Время от времени, вразнобой грузовой отсек самолета пронизывали мелодичные трели – контейнеры один за другим получали временную французскую прописку. Абу подошел к последнему непроверенному контейнеру, притаившемуся в глубине отсека. Белые цифры «135» четко выделялись на ярко-красном фоне. Еще раз сверился с таможенной декларацией. Закончив свою работу, к нему подошли его подчиненные.
– Господин Абдульхайр, все в порядке, – один за другим доложили они.
– Хорошо, – кивнул он и навел сканер на стоящий перед ним контейнер. Желтый… синий… розовый… зеленый – разноцветная дорожка как указатель в сторону Франции. Мягкий электронный перезвон – soyez les bienvenus a la France![71].
На лице тайванца расплылась довольная улыбка. Араб улыбнулся в ответ. Заулыбались его подчиненные.
– Господин Цун Вао, – Абу улыбнулся еще шире, – в соответствии с Законом о таможенном досмотре мы имеем право на выборочное вскрытие контейнеров.
– Да, да, конечно, – тайванец изо всех сил держал приветливую улыбку на лице. – Какой контейнер вы желаете осмотреть?
– Давайте… – араб сделал паузу, скользя взглядом по ярко-красным бокам контейнеров, его рука с зажатым в кисти сканером начала медленно подниматься, словно прицеливаясь, – …этот, – сканер смотрел на цифру «135», – …хотя нет, давайте этот, – Абдульхайр указал на соседний контейнер.

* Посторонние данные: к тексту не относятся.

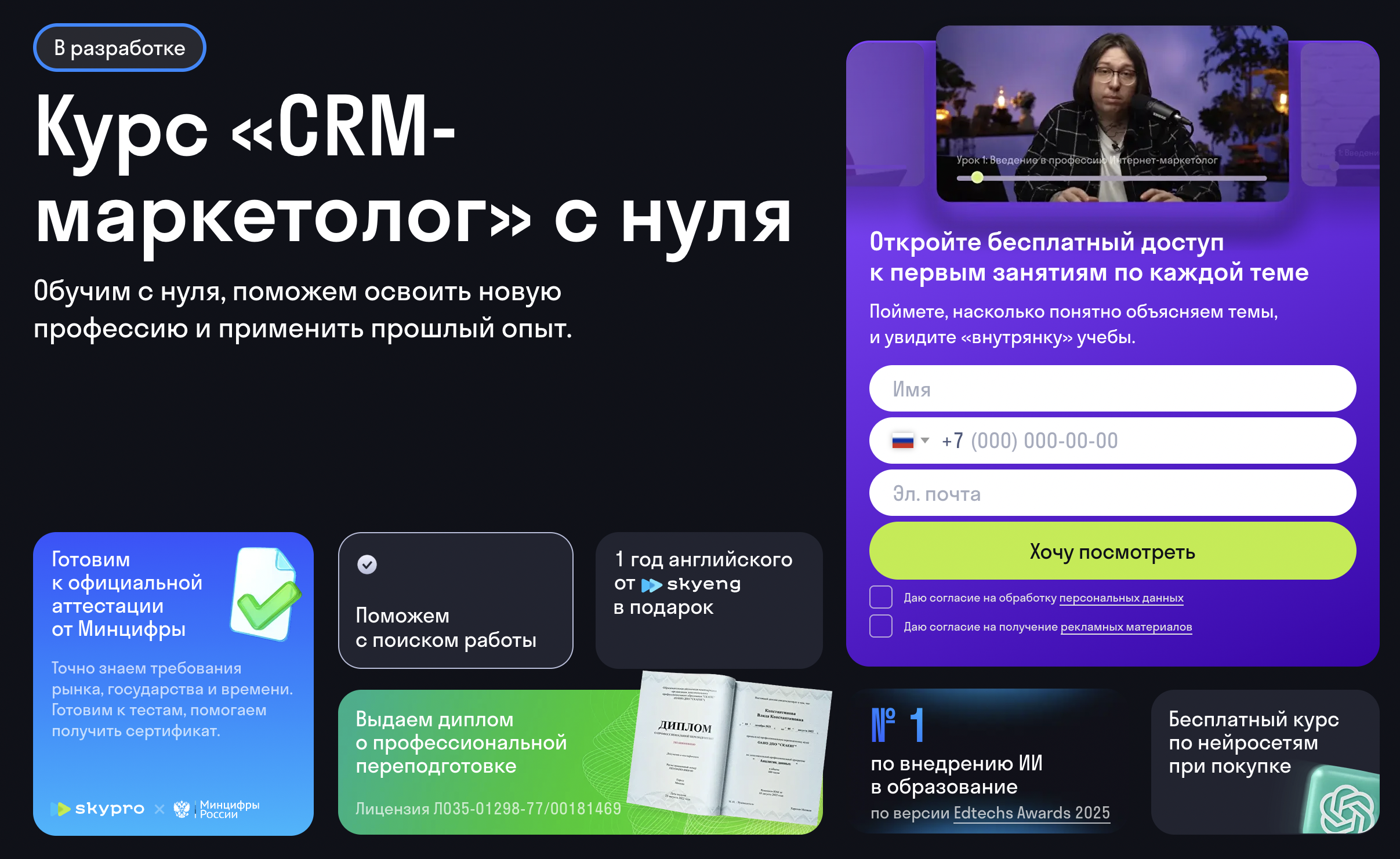 ⭐ CRM-маркетинг — Скайпро — курс по CRM и email-маркетингу с практическими заданиями. Подходит тем, кто хочет освоить сервисы email-рассылок и автоматизацию коммуникаций с клиентами. Программы включают кейсы и проверку домашних заданий наставниками.

Цун Вао подошел к указанному контейнеру, вытащил из кармана небольшую черную коробочку электронного ключа и набрал на ней номер контейнера. Нажатие кнопки, легкий щелчок, и верхняя половина контейнера откидывается назад. Взору открылся светло-желтый куб, по всей поверхности усыпанный небольшими отверстиями – генератор объемного поля. Внутри этого ящика образуются мириады микрочастиц из специального полимерного состава. Через отверстия-сопла они выдуваются наружу, образуя невидимое облако, в котором лазерные лучи, выводя свои па, образуют практически неотличимый от настоящего виртуальный мир. Десяток таких генераторов, и можно воочию увидеть, как, например, разрушается дом. Вас даже по лицу хлестнет тугая волна воздуха, исходящая от рушащихся стен, а глаза запорошит взаправдашняя пыль. Пару сотен светло-желтых ящиков, и по горящему Древнему Риму побегут обезумевшие от страха люди, а венценосный психопат Нерон на Палатинском холме будет играть на арфе. Сотня тысяч – и в ящик сыграет иллюзорное государство. Несколько миллионов обеспечат апокалипсис псевдоцивилизации. Как все просто: миллионы строк управляющей программы, миллионы светло-желтых кубов и мириады частиц, от которых, бесконечно отражаясь, лазерные лучи нарисуют грандиозную картину Конца. В реальном мире все может произойти еще проще. Не надо ни сверхсложной программы, ни миллионов мудреных каких-то ящиков. Достаточно одного ящика, например с цифрой «135» на ярко-красном боку. Остальное довершит сама природа…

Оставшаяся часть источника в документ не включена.